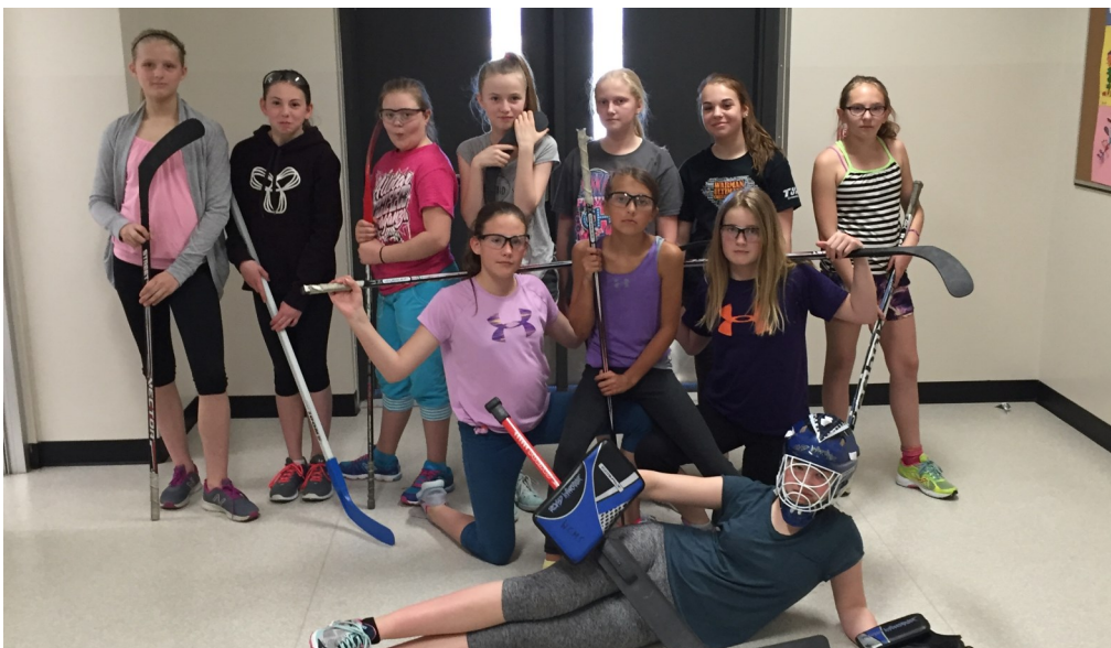
Grade 6F Girls Floor Hockey Team
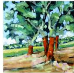
'After the Harvest', 'Depois da tralha' Acrylic on canvas 50x50cm Cork oak harvest at Gavião Montepio Portugal 2013
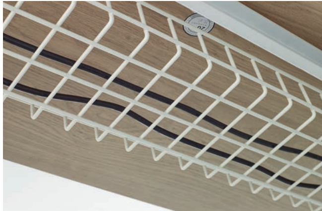
Wire basket (white)
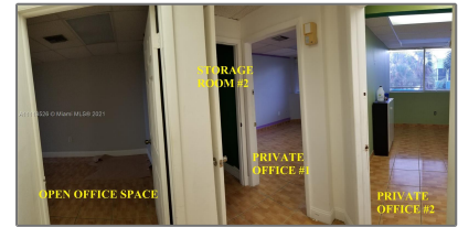
OPEN OFFICE SPACE
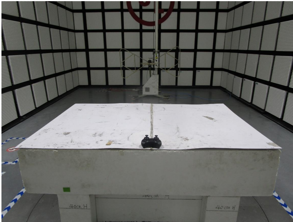
Radiated Disturbance below 30 MHz
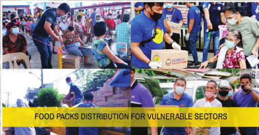
FOOD PACKS DISTRIBUTION FOR VULNERABLE SECTORS
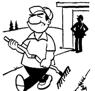
BURY A HATCHET
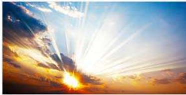
SUNSET SKYPANELS $99.95 $39.97 ★★★★★ 19 Reviews
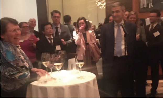
Giovanni Buttarelli, EDPS speaks to the necessity of a modern approach to digital ethics.

CNIL and former WP29 Chair. Special guests at the reception also included over fifteen data protection authorities from Austria, Canada, the EDPS, France, Hong Kong, Hungary, Israel, Ireland, Singapore, and the United States.
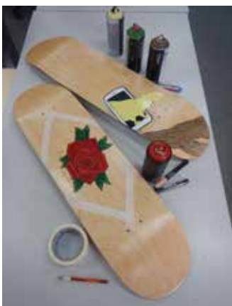
Skateboard designs in progress

This new art program at Balcatta Senior High School is engaging students with the expanding phenomenon of "Street Art", or "Urban Art", as it is more commonly being recognised. Students are having an opportunity to explore new media used by professional urban artists to express themselves through developing art skills relative to their interests and current popular culture. Projects include mural designs to be painted on the large sliding doors of most classrooms around the school, along with designing and painting their own rideable skateboard decks.
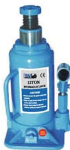
D91253 12 TON
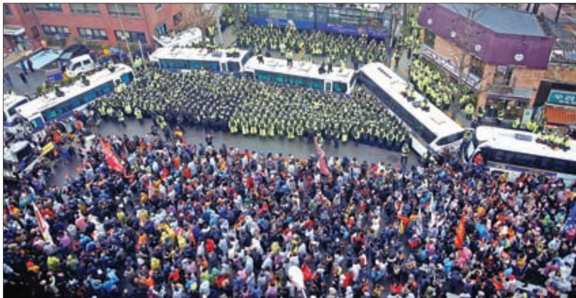
Police buses are parked on a road to block protesters at a protest calling South Korean President Park Geun-hye to step down in Seoul, South Korea, on 26 November 2016.
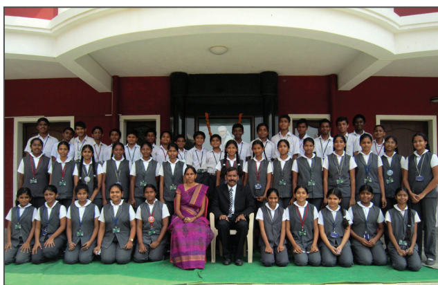
VII - DAFFODILS
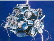
4.3 Liter Vortec V6 Gasoline Engine
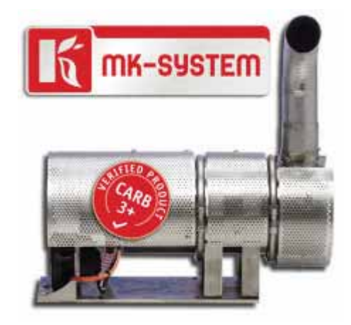
Figure 3-2. Huss ADPF

The Huss MK system is integrated in the exhaust piping of the vehicle, usually in place of the original muffler. The filter medium is made of silicon carbide. The filter can be used for approximately eight working hours, at which time the maximum allowed backpressure is reached and the filter must be regenerated. During regeneration, the diesel burner is ignited while the engine is shut-down. Depending on the filter size, regeneration takes from five to 35 minutes. Approximately three to 10 ounces of diesel fuel are necessary for each regeneration period. The entire process is supervised by the HUSS electronic control device.
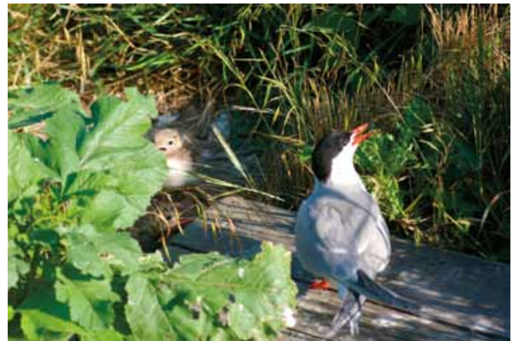
Mom and newly hatched chick.
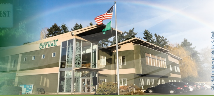
City Hall rainbow

A publication of the City of Lake Forest Park • www.cityofflp.com • 206-368-5440 • 17425 Ballinger Way NE • Lake Forest Park, WA 98155
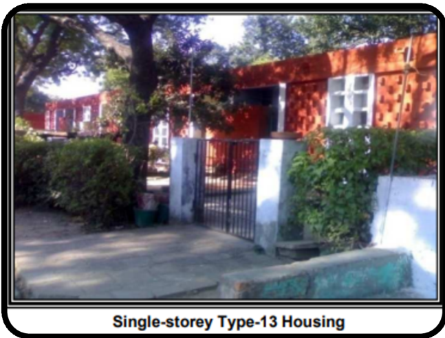
Single-storey Type-13 Housing
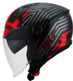
LUCENT BLACK/RED YSDC0005
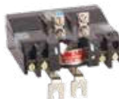
MU - 2P Relay

__Task to carry out__: For the string "Huss", search the preceding data and copy every line that includes it.

__Solution to this task__:
Figure 3-2. Huss ADPF
The Huss MK system is integrated in the exhaust piping of the vehicle, usually in place of the original muffler. The filter medium is made of silicon carbide. The filter can be used for approximately eight working hours, at which time the maximum allowed backpressure is reached and the filter must be regenerated. During regeneration, the diesel burner is ignited while the engine is shut-down. Depending on the filter size, regeneration takes from five to 35 minutes. Approximately three to 10 ounces of diesel fuel are necessary for each regeneration period. The entire process is supervised by the HUSS electronic control device.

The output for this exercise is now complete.